21 next anchor absolute uri: https://markwatson.com#
22 next anchor absolute text: Mark Watson consultant and author specializing in Common Lisp development and AI research projects and commercial products
23 next anchor absolute uri: https://markwatson.com/
24 next anchor absolute text: Home page
25 next anchor absolute uri: https://markwatson.com/consulting
26 ...
The 2gram (i.e., two words in sequence) “Toggle navigation” in the last listing has nothing to do with the real content in my site and is an artifact of using the Bootstrap CSS and Javascript tools. Often “noise” like this is simply ignored by machine learning models if it appears on many different sites but beware that this might be a problem and you might need to precisely fetch text from specific DOM elements. Similarly, notice that this last listing picks up the plain text from the navigation menus.
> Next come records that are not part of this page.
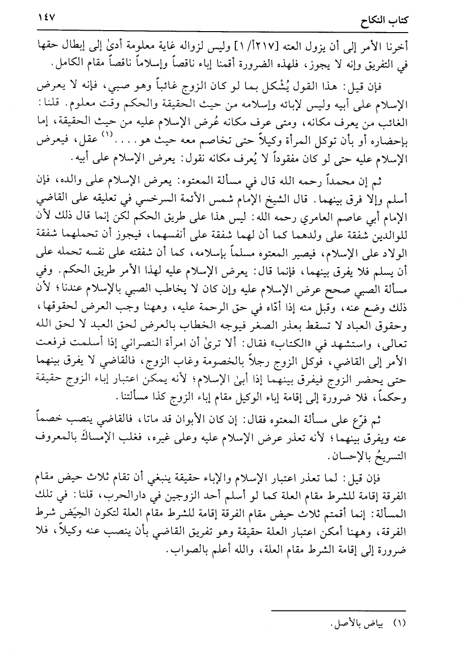 أخرنا الأمر إلى أن يزول العته (217أ1) وليس لزواله غاية معلومة أدى إلى إبطال حقها في التفريق وإنه لا يجوز، فلهذه الضرورة أقمنا إباء ناقصاً وإسلاماً ناقصاً مقام الكامل.
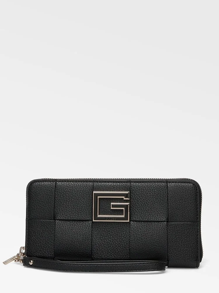 Monedero con muñequera desmontable y cierre de cremallera. 2 bolsillos interiores abiertos, 1 bolsillo con cremallera y 8 ranuras para tarjetas. Bolsillo exterior con cremallera. Herrajes exteriores en tono dorado brillante pálido.
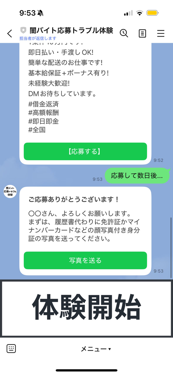 闇バイトは、「ホワイト案件」「1案件10万円」など魅力的な募集に応募するところから体験がスタート。言われるがままに身分証明書を送り、電話番号を伝えると、具体的な仕事の連絡が届く。断ろうとすると、自宅の写真を送りつけられて脅されたり、高校や親、友人を把握していると脅されたりする一連の流れが体験できる。
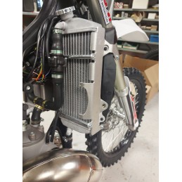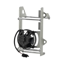 Protezioni radiatori Crosspro per Rieju MR 200-250-300 2T Pro/Racing/Ranger/Sixdays dal 2020 al 2026 con supporto per ventola di raffreddamento originale Rieju con codice 0/K05.060.9100 o ventole Spal (interasse fori 82mm)

Notice that there are different types of URIs like #, relative, and absolute. Any characters following a # character do not affect the routing of which web page is shown (or which API is called) but the characters after the # character are available for use in specifying anchor positions on a web page or extra parameters for API calls. Relative APIs like consulting/ are understood to be relative to the base URI of the web site.
I often require that URIs be absolute URIs (i.e., starts with a protocol like “http:” or “https:”) and lines 28-33 show how to select just absolute URI anchors. In line 31 I am specifying the attribute as “abs:href” to be more selective.